If you only use these types of barometers occasionally, then you will probably need a refresher run through the manual before heading out for the outdoors. However, if you use it frequently, then you will have no problem remembering how to access the various features. These hand held barometers stores pressure information for twenty-four hours and shows a six hour trend on all screens. A pressure change alarm sounds when pressure drops twelve-tenths in inches of mercury or more in a three-hour period, which is a sign of impending bad weather.

The barometer memory keeps maximum and minimum pressure and temperature for the last twenty-four hours, and thirty minute reading for the last three hours, and three hours interval readings from three hours to twenty-four hours. The altimeter also has an alarm, and logs altitude whether it is a gain or a loss, cumulative gains and losses since the last log reset, maximum and minimum altitude, the average rate of ascent and descent, starting date, time of the log, and any altitude points you enter. The barometer and altimeter logs might seem minor, but they are the essence of a good weather instrument. It is the tracking of barometric temperature over time that allows weather forecasting.

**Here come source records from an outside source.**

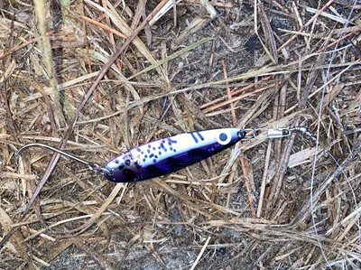 This is the spoon that worked for the angler on the Icicle. It’s a Kingfisher with the treble hooks replaced with a single siwash.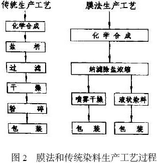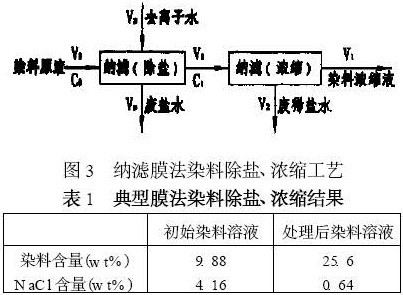 【集萃網觀察】染料是印染工業(yè)不可缺少的原料, 在目前常用的染料生產工藝中, 化學合成的染料經鹽析、過濾、干燥后制成固體染料。整個生產過程不僅產生大量的難處理廢水, 而且所生產的染料的鹽含量高、純度低, 影響印染工藝的染色質量。 用納濾膜分離技術對染料生產工藝進行改進,開發(fā)清潔生產工藝, 降低染料的鹽含量, 提高染料的純度和品質, 同時還可生產高質量的液狀染料, 減少廢水排放量, 對整個染料工業(yè)的可持續(xù)發(fā)展是十分必要的。圖2 給出了傳統(tǒng)染料生產工藝流程和膜法改進的染料生產工藝流程。 膜法和傳統(tǒng)染料生產工藝過程納濾膜技術為一壓力驅動膜分離過程, 其孔徑為數個納米級, 可有效實現對分子量數百級的物質與無機鹽、小分子物質和水的分離。用納濾膜技術處理染料合成水溶液, 在對染料進行除鹽凈化的同時,對染料進行濃縮。濃縮后的染料溶液可直接制成液體染料產品, 也可經噴霧干燥后制成固體粉狀染料產品。整個納濾過程可分為恒容除鹽和濃縮兩部分,據產品最終要求的純度和濃度, 確定恒容除鹽的程度和脫水濃縮的倍數。具體的工藝如圖3 所示。表1 列出了膜法染料除鹽、濃縮的典型處理結果。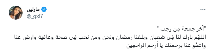 وفي آخر جمعة من رجب.. "اللهم بارك لنا فِي شعبان وبلغنا رمضان ونحن ومن نحب في صحة وعافية وأرضِ عنّا واعفو عنّا برحمتك يا أرحم الراحمين، واللهم أصلح أمورنا وأكتب لنامن خفايا القدر أجملها..وأجعل لنا نصيبا في ساعة الرزق وقضاء الحاجات وإجابة الدعوات ..اللهم لطفك بقلوبنا وأحوالنا وأيامنا..إنك على كل شيء قدير ..اللهُّم صلِّ وسَلْم عَلْى سيَدنآ مُحمد ﷺ".

One cool feature is a weather station and altitude feature. In weather station mode, the device assumes that altitude is locked like you are in a camp, so all pressure changes are due to weather. In altitude mode, it assumes pressure changes are due to elevation change in altitude as during an ascent. With all of these excellent weather features, you will be surprised to learn that the bottom of the temperature range is minus five degrees Fahrenheit, while the altimeter goes to twenty-nine thousand feet. This seems like an unreasonable limitation but in winter even at elevations of ten thousand feet temperatures drop well below five degrees below Fahrenheit.